• **TRY IT**
From the material below, please set down exactly the lines starting with the one with "中國外長李肇星四月九日陪同溫" and going on through the one with "Apartment Model: 2BR/2BA", without a single picture.

• **DATA PROVIDED**
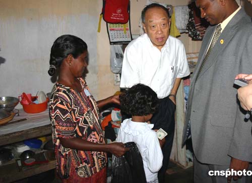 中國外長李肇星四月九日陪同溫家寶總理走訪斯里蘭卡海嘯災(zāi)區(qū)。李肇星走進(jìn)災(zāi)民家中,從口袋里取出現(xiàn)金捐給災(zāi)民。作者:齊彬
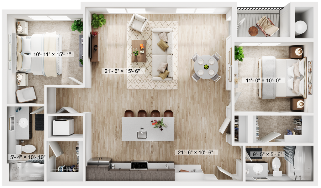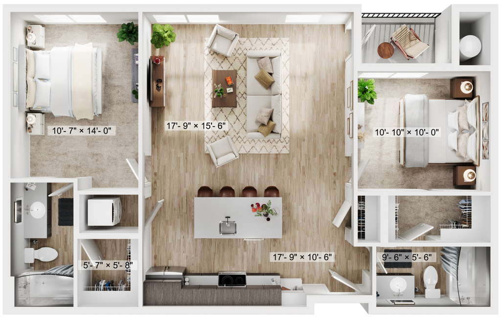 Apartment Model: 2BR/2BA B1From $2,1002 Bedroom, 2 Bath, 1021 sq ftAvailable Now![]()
--
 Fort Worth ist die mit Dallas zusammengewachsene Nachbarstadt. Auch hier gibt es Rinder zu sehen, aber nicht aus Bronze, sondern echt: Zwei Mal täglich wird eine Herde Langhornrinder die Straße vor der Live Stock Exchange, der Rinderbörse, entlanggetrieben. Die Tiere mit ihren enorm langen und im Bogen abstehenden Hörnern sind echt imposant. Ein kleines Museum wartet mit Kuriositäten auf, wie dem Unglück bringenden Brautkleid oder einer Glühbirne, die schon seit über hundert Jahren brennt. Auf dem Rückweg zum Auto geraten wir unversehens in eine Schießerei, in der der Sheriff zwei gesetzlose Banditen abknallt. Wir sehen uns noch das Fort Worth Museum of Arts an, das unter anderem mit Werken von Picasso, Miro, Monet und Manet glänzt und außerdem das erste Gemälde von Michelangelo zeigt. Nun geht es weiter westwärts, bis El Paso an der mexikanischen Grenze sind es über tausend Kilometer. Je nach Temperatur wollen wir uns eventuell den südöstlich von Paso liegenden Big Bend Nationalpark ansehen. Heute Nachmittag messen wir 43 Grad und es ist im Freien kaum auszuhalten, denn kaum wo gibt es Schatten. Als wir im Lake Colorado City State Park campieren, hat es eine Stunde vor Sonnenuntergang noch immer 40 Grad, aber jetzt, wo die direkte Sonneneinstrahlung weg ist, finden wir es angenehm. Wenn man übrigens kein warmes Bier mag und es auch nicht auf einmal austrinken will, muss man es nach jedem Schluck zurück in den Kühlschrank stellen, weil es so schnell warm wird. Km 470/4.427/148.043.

• **RESPONSE**
 中國外長李肇星四月九日陪同溫家寶總理走訪斯里蘭卡海嘯災(zāi)區(qū)。李肇星走進(jìn)災(zāi)民家中,從口袋里取出現(xiàn)金捐給災(zāi)民。作者:齊彬
 Apartment Model: 2BR/2BA B1From $2,1002 Bedroom, 2 Bath, 1021 sq ftAvailable Now![]()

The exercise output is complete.